Copy the lines below exactly, starting with the first and finishing with the one holding "Con un acabado"; do not copy the pictures.

*Recorded information*.
────────

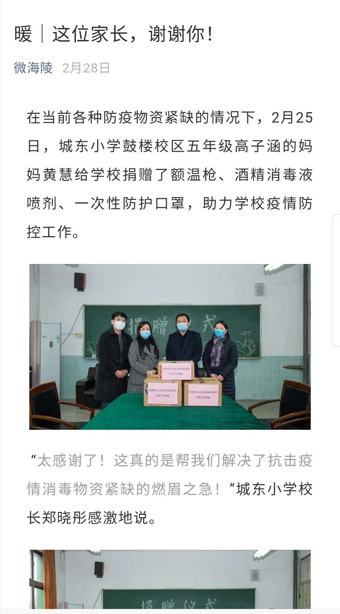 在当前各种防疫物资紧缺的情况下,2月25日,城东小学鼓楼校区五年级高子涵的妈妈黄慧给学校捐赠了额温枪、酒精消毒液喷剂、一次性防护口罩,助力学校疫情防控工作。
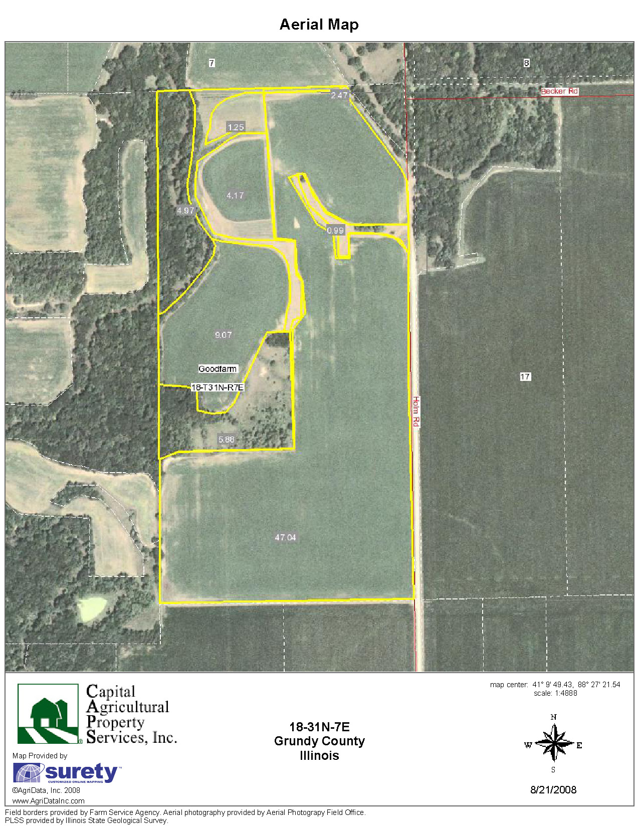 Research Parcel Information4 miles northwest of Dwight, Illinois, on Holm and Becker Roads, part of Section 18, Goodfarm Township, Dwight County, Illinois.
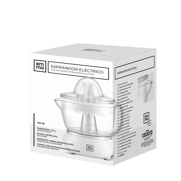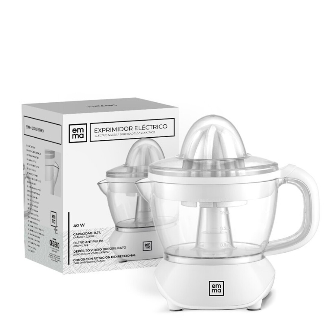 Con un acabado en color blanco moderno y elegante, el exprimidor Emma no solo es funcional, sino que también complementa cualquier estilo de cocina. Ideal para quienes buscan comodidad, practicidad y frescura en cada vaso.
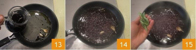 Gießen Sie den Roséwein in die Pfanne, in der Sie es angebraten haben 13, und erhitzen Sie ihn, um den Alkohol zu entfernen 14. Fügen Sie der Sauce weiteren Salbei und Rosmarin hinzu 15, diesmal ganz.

────────

*Result*.
 在当前各种防疫物资紧缺的情况下,2月25日,城东小学鼓楼校区五年级高子涵的妈妈黄慧给学校捐赠了额温枪、酒精消毒液喷剂、一次性防护口罩,助力学校疫情防控工作。
 Research Parcel Information4 miles northwest of Dwight, Illinois, on Holm and Becker Roads, part of Section 18, Goodfarm Township, Dwight County, Illinois.
 Con un acabado en color blanco moderno y elegante, el exprimidor Emma no solo es funcional, sino que también complementa cualquier estilo de cocina. Ideal para quienes buscan comodidad, practicidad y frescura en cada vaso.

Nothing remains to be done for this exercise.